Join us for Black on Screen: A Century of Radical Visual Culture as we continue our theme “100 Years of Black Music on Camera.” From Jazz, to Funk, to Hip-Hop, this season celebrates the sonic archive of Black life as seen and heard on film. This program is an ode to piano virtuoso, Mary Lou Williams.
This afternoon program begins with an intimate performance by pianist and composer, Camila Cortina Bello in Schomburg Center’s Latimer Gallery. Bello will perform next to Aaron Douglas’s rousing four-panel mural, “Aspects of Negro Life” (1937) currently installed in the gallery as part of Schomburg’s centennial exhibition,100: A Century of Collections, Community, and Creativity. The performance will be followed by a screening in the American Negro Theatre of an interview with the late Jazz pianist, Mary Lou Williams, selected from Schomburg’s Moving Image and Recorded Sound Division collection.

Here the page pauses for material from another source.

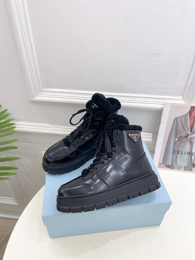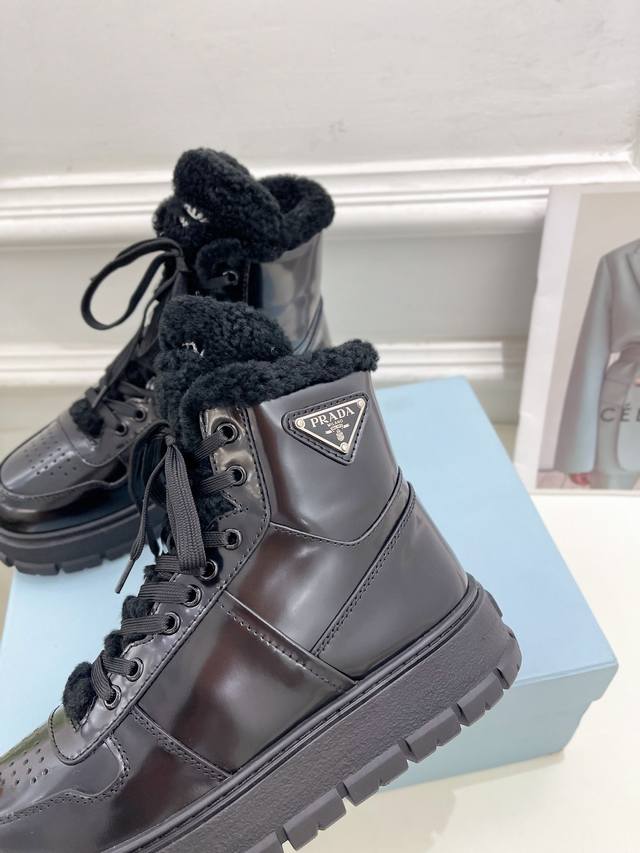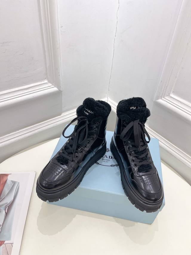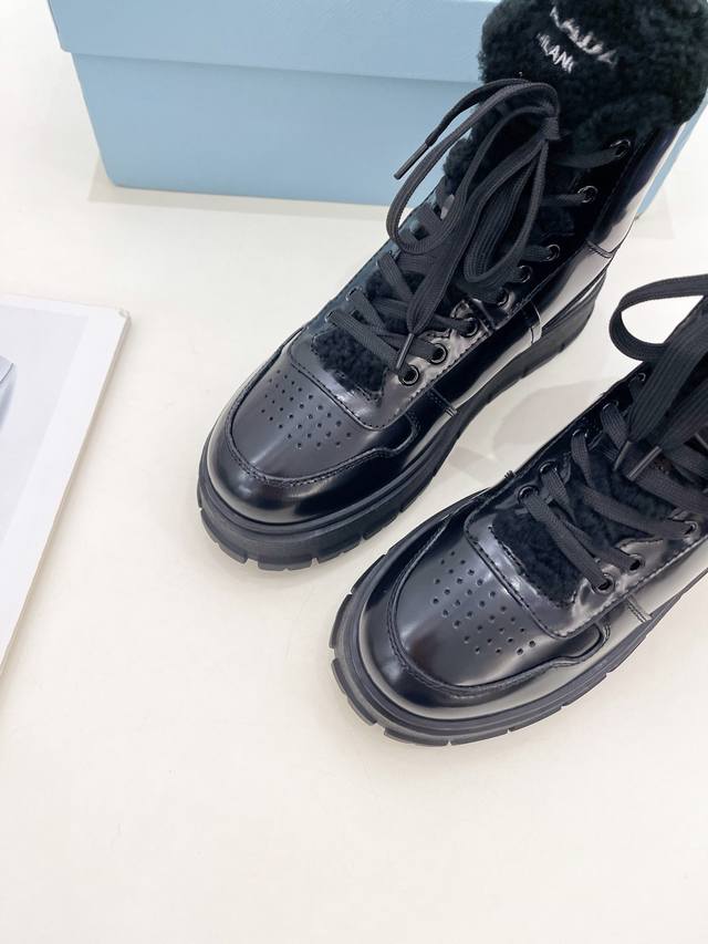 prada 普拉达 24 专柜走秀款秋冬新款系带厚底羊毛高帮运动鞋 鞋面:高定制麂皮 开边珠 牛皮 内里:进口羊毛里 大底:原版开模大底 鞋码: 35-39 3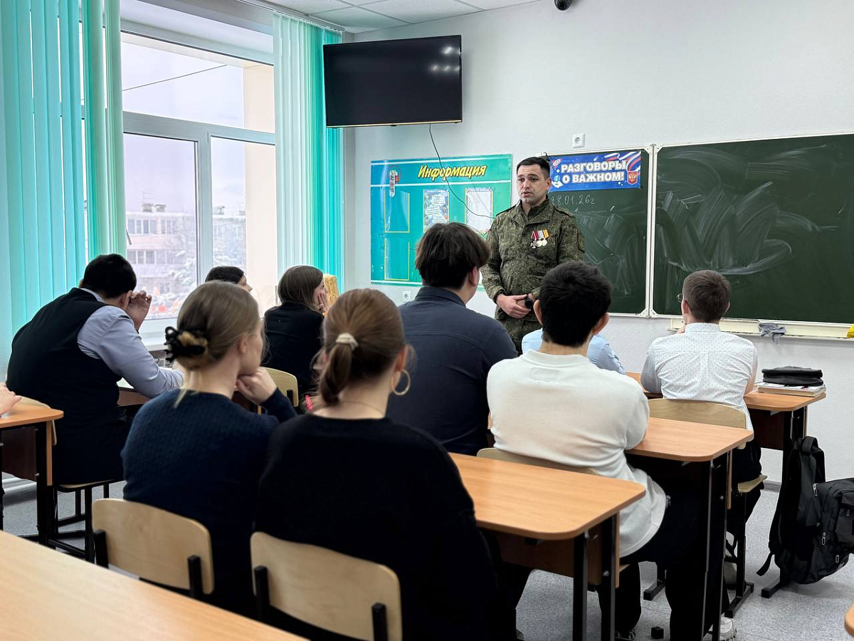 В школе поселка Расково прошел урок мужества для старшеклассников. Гостем встречи стал ветеран специальной военной операции, заместитель начальника департамента Гагаринского района по патриотической работе Ренат Аминов.

Mary Lou Williams (1910-1981) was not only the First Lady of jazz; she has a place at the very top echelon of the jazz pantheon. Ms. Williams wrote over 350 compositions throughout her rich and highly eclectic musical career. She also helped spawn an entire generation of young musicians during the 1940s that would precipitate the birth of one of the world’s most influential musical styles, known as bebop . Her students included musicians as influential and varied as Miles Davis, Dizzy Gillespie, Thelonious Monk, Charlie Parker, and countless others.